### Work instructions
For this exercise, please return exactly the line containing "亞太電信月付$599寬頻分享機行動上網吃到飽 辦寬頻分享機再送平板" and each line after it through the end of the records, with no pictures included.

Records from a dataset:

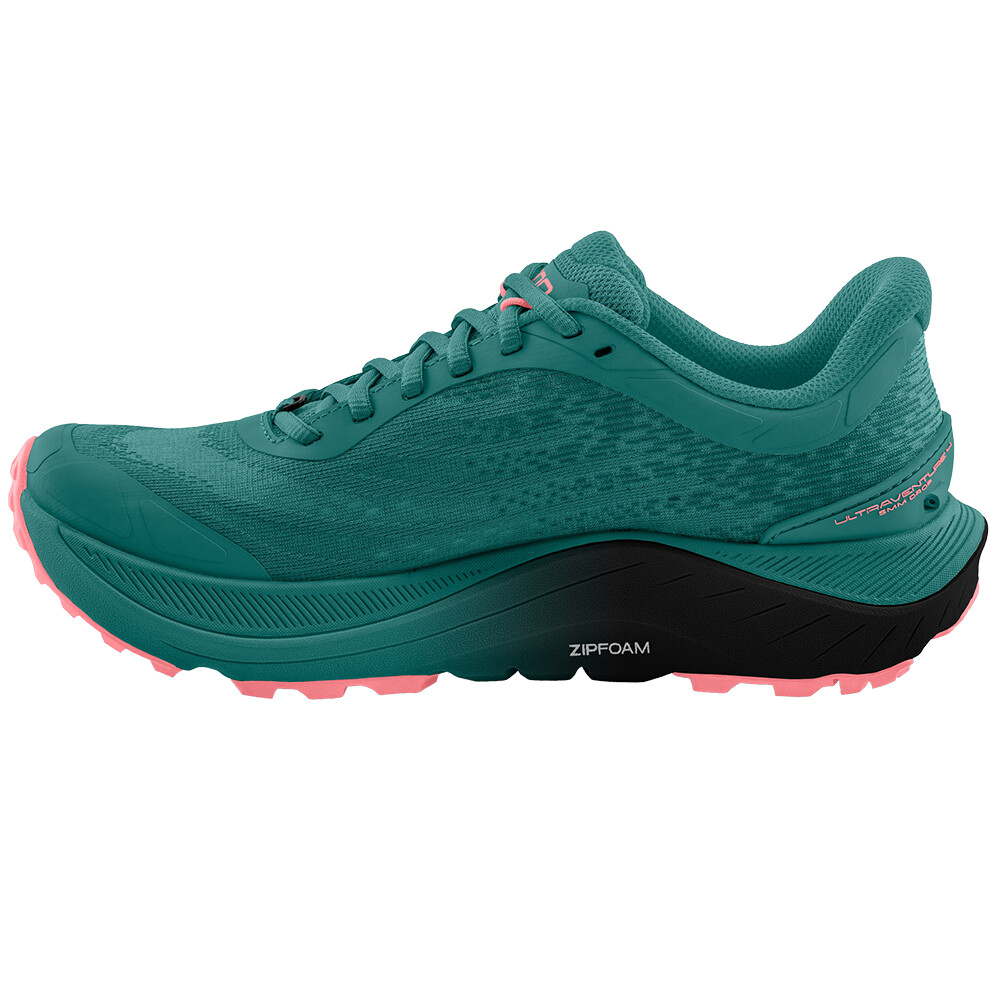 Pantoful de trail Ultraventure 4 Women oferă performanță maximă și confort pentru alergarea pe distanțe lungi. Tupeul său este fabricat din plasă reciclată cu panouri PU plasate strategic pentru a crește durabilitatea în zonele solicitate. Talpa intermediară ranforsată din spumă cu memorie ZipFoam™ va oferi cea mai bună amortizare, iar talpa personalizabilă Vibram® XS Trek EVO va asigura o tracțiune perfectă pe teren și pe drum.
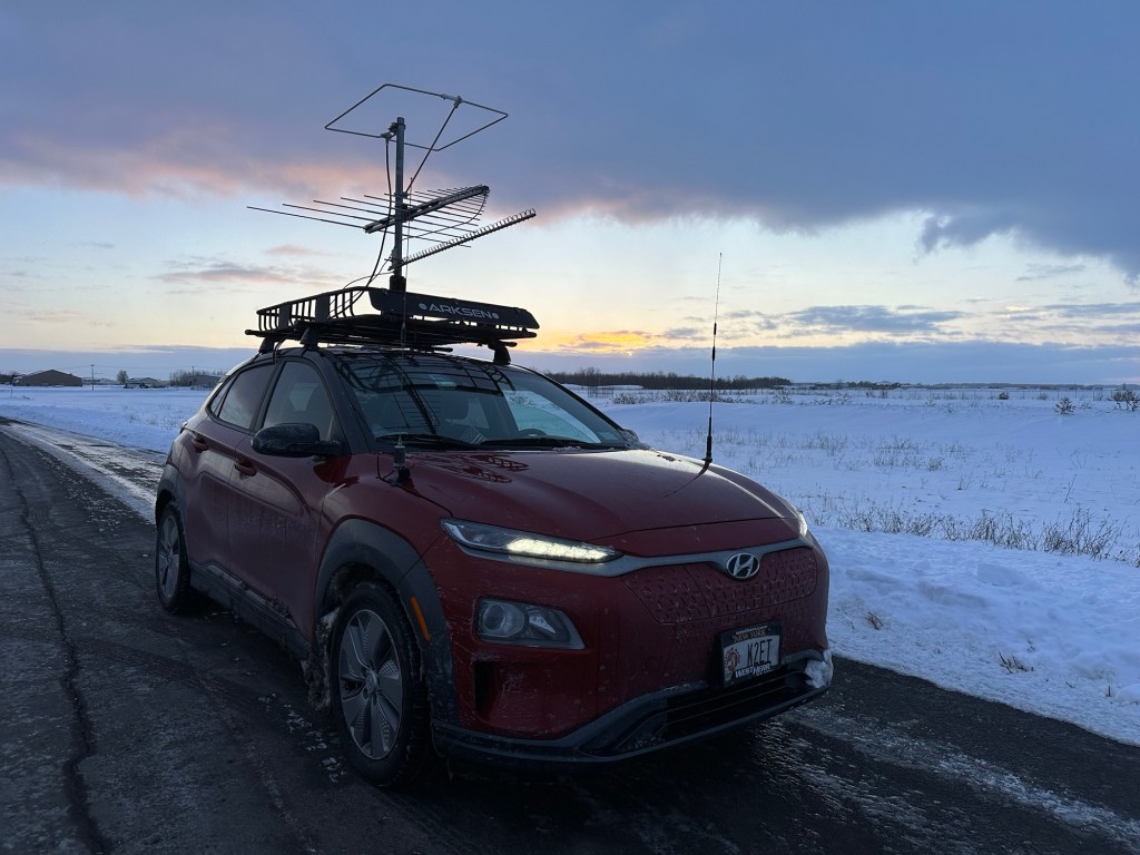Now, the reason I called this post, “Know your limit, rove within it,” goes back to a NYS gambling commission ad, “know your limit, play within it,” I considered taking a long rove, but when the temps dip below 10 degrees, EV range tends to diminish significantly. Driving an electric vehicle as a rover in the dead of January takes some getting used to – this was my second outing for a January VHF contest in this setup, and I’ve learned some lessons… no, I didn’t get held up at chargers for hours, though I did stop at my furthest point to juice up for 15 mins and grab a bottle of water. You need to know your vehicle’s limit when you’re doing something like this, or even just taking a long trip somewhere – it doesn’t matter if it’s gas or electric, you need to know what your maximum range is, and give yourself a buffer zone. I didn’t want to take a gamble, so even on the nice weather day (though still cold), I stuck within 50 miles of home.
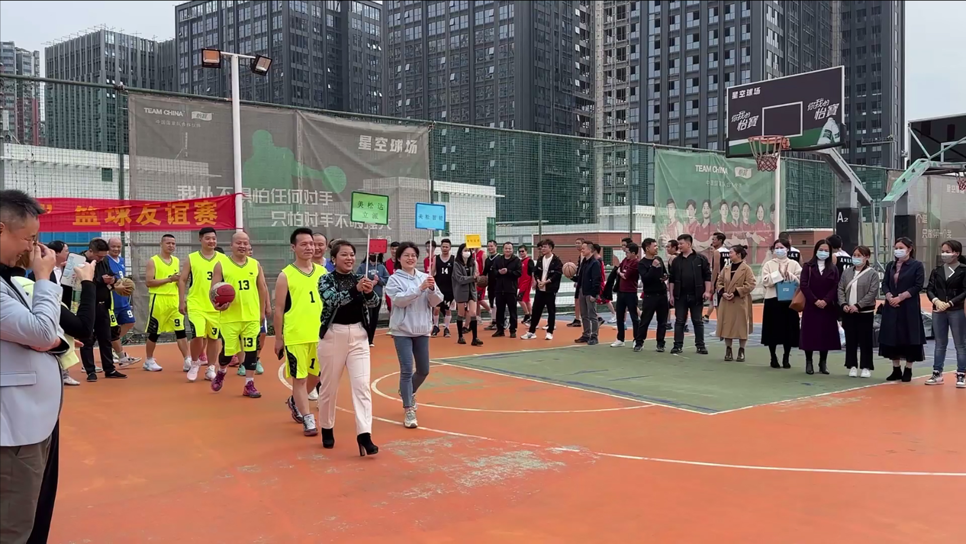 下午14:00,在總經(jīng)理廖偉先生的開幕致詞下,隨著主持人的一聲“第七屆美松杯籃球賽正式開始”,分別由美松科技、美松智能、美松達&立派、美松友商組成的4支球隊,運動員踏著《義勇軍進行曲》入場,并宣誓發(fā)言。其中美松友商隊運動員代表天夢者總經(jīng)理鐘文先生,集友商隊各運動員代表所屬公司名組成的激情滿滿的賦詩一首:
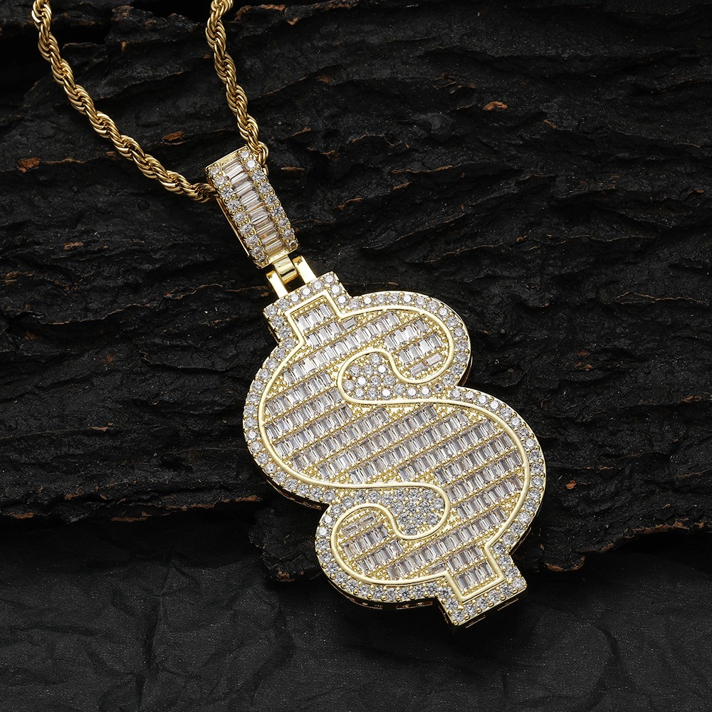 Hip Hop pendant copper inlaid with zircon $ dollar shape
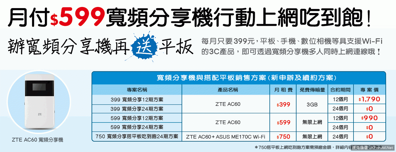亞太電信月付$599寬頻分享機行動上網吃到飽 辦寬頻分享機再送平板
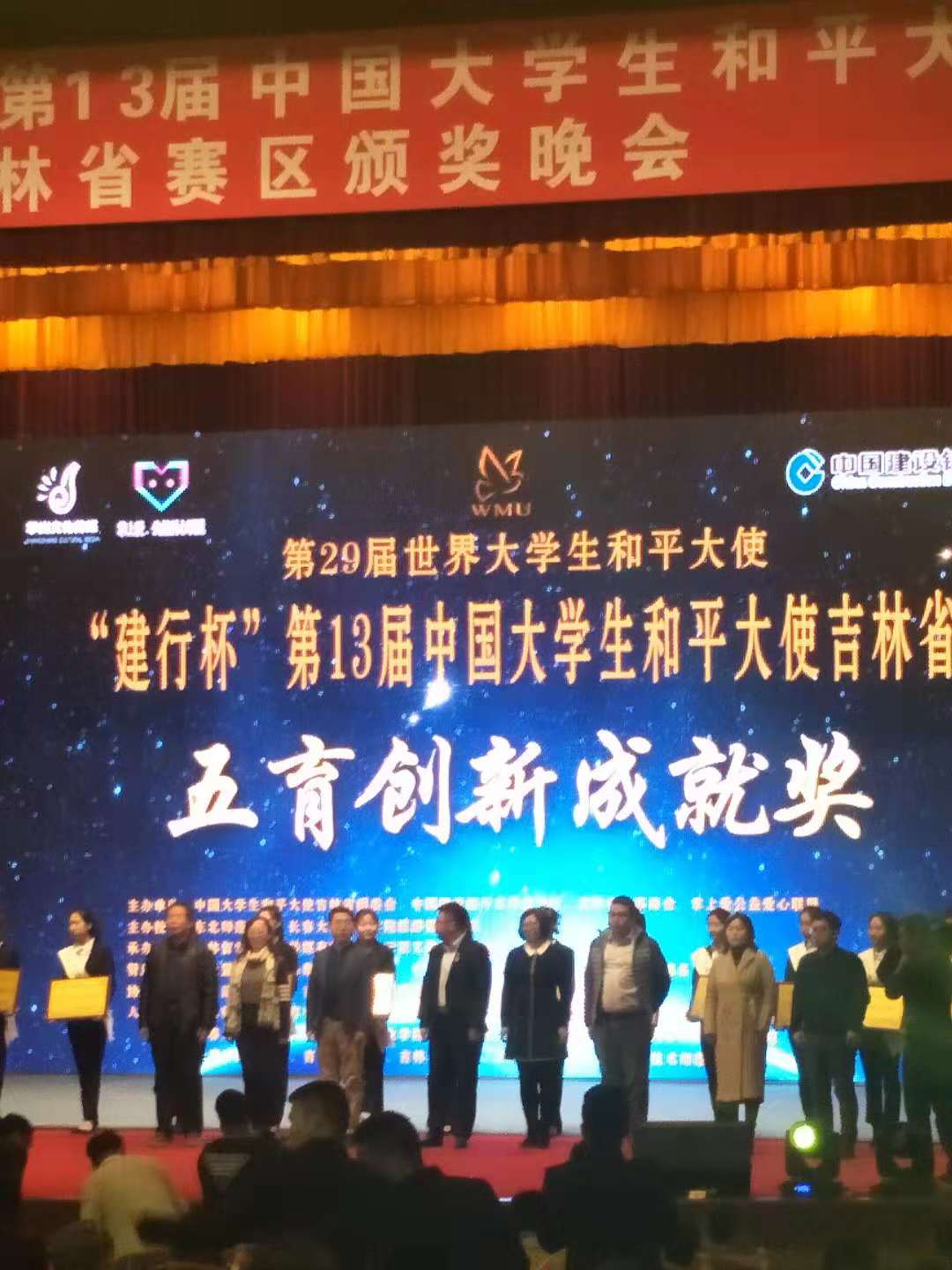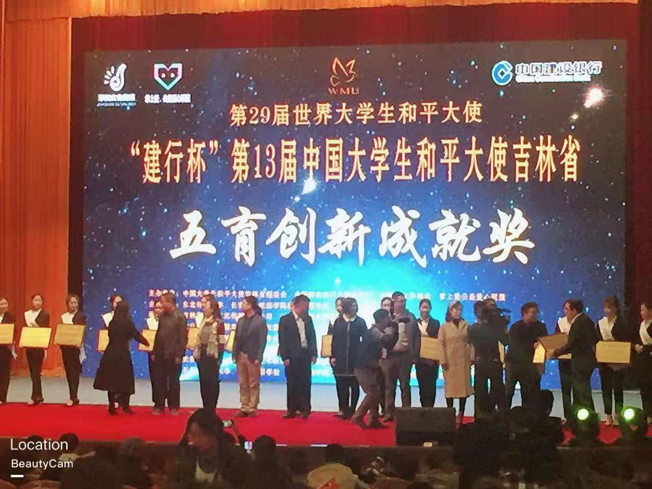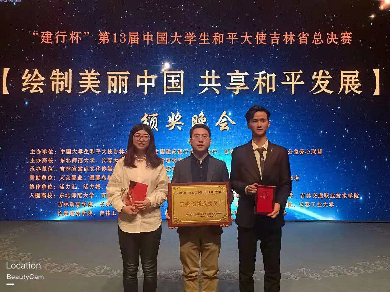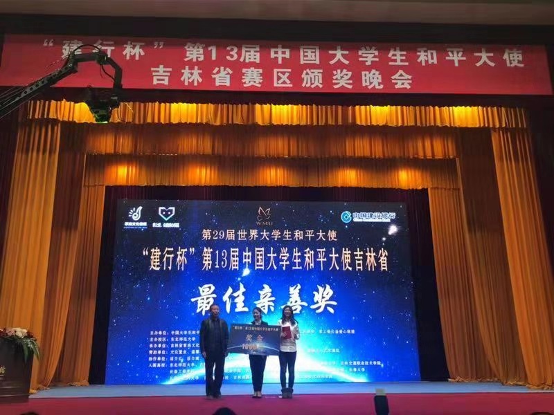 "建行杯"第13届中国大学生和平大使吉林省赛区颁奖晚会于2018年11月18日下午13时在吉林省宾馆举行。该赛事自1986年由联合国教科文组织下属的世界大学校长联合会倡议举办至今已在世界范围成功举办了28届,中国区已连续参与12届,大赛以“和平、慈善、公益、爱心”为主题,以青少年为对象,以引导世界青少年珍爱和平、共建友谊,增强世界青少年的公益意识与社会责任感为奋斗目标,培养弘扬“爱心慈善”奉献精神,弘扬爱与和平,向全世界传播“反战争、反恐怖、爱环境、爱生命”的和平讯息,为构建和谐社会,维护世界和平做出贡献。以综合素质选拔标准、和平公益理念为主题的国际性新赛事平台让首次参赛的吉林省及全国各高校大学生们兴奋不已。而经过层层激烈的选拔,我院参赛同学和指导老师均取得了优异成绩。

### Solved problem
亞太電信月付$599寬頻分享機行動上網吃到飽 辦寬頻分享機再送平板
 "建行杯"第13届中国大学生和平大使吉林省赛区颁奖晚会于2018年11月18日下午13时在吉林省宾馆举行。该赛事自1986年由联合国教科文组织下属的世界大学校长联合会倡议举办至今已在世界范围成功举办了28届,中国区已连续参与12届,大赛以“和平、慈善、公益、爱心”为主题,以青少年为对象,以引导世界青少年珍爱和平、共建友谊,增强世界青少年的公益意识与社会责任感为奋斗目标,培养弘扬“爱心慈善”奉献精神,弘扬爱与和平,向全世界传播“反战争、反恐怖、爱环境、爱生命”的和平讯息,为构建和谐社会,维护世界和平做出贡献。以综合素质选拔标准、和平公益理念为主题的国际性新赛事平台让首次参赛的吉林省及全国各高校大学生们兴奋不已。而经过层层激烈的选拔,我院参赛同学和指导老师均取得了优异成绩。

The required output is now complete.